Tiny white ball test images

print(f"Loading dataset")
dataset = load_dataset('frgfm/imagenette', '160px')['train']

# first three should return True, last two should return False
ids = [7450, 6828, 7464, 2343, 3356]
images = [dataset[i]["image"] for i in ids]

print(f"Predicting")
predicitions = classifier.predict(images)
assert predicitions == [True, True, True, False, False], f"Predictions should be [True, True, True, False, False], got {predicitions=}"
for i, pred in enumerate(predicitions):
print(f"Prediction for image {ids[i]}: {pred}")

We see that the classifier correctly predicts images with high similarity to the text query as True and images with low similarity as False as shown in the Nomic Atlas interface.

Generalizing To New Data

Now, let's test the classifier on a new dataset. We will use the Sports Classification dataset to classify images of baseball, cricket, and hockey.

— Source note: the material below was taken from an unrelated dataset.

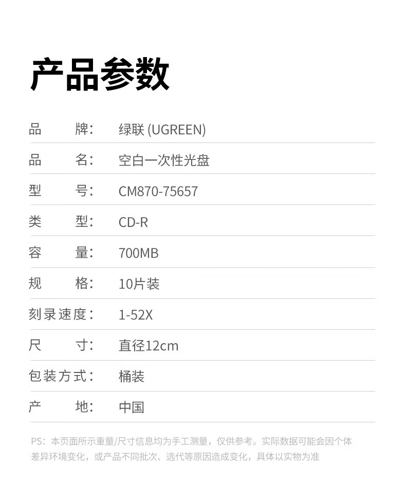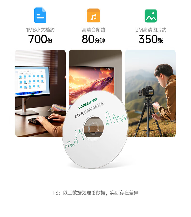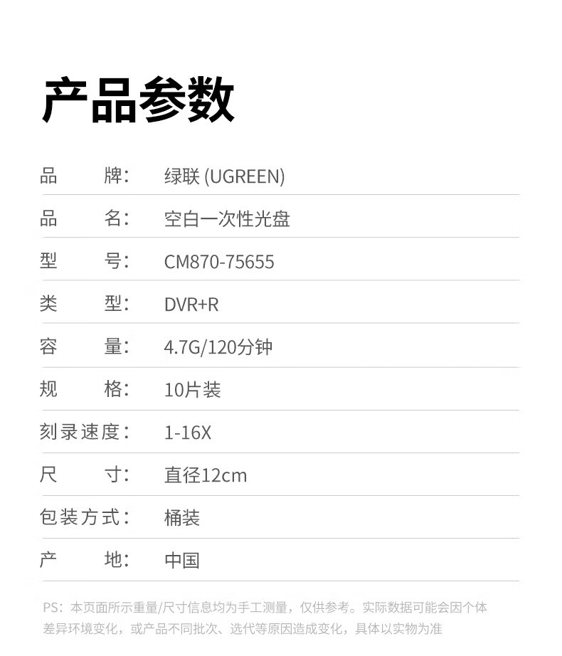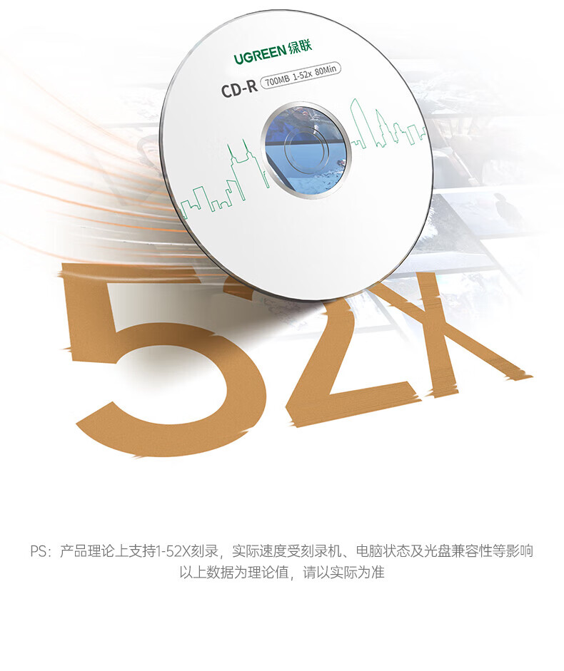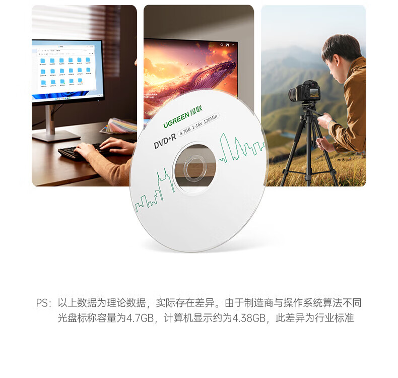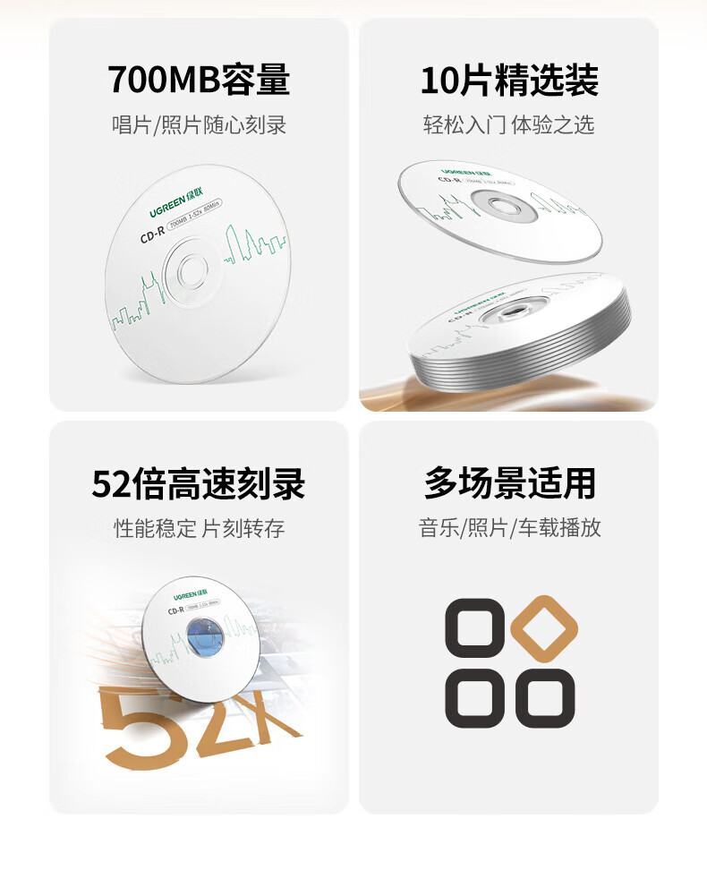 绿联DVD+R/CD-R空白光盘10片装50片装 16倍速4.7GB/700M 52速空白光盘电脑读取刻录存储办公文件数据 【DVD+R 4.7G】10片装

sport_dataset = load_dataset('nihaludeen/sports_classification', split="train")
sport_images = sport_dataset["image"]
predictions = classifier.predict(sport_images)

You should see the classifier return True for images that contain a tiny white ball like this:

Nomic Atlas Classifier Results

and false for other images that do not contain a tiny white ball like this:

Nomic Atlas Classifier Results

Conclusion

In this cookbook, we showed you how to use Nomic Atlas to build an image classifier leveraging the power of multimodal semantic search. Using Atlas, we were able to visualize the decision boundary of the text query across our image dataset and find an appropriate threshold for our classifier. From there, we showed you how you can expand your classifier to any new image dataset you have.

To run the full script, you can find it on our github.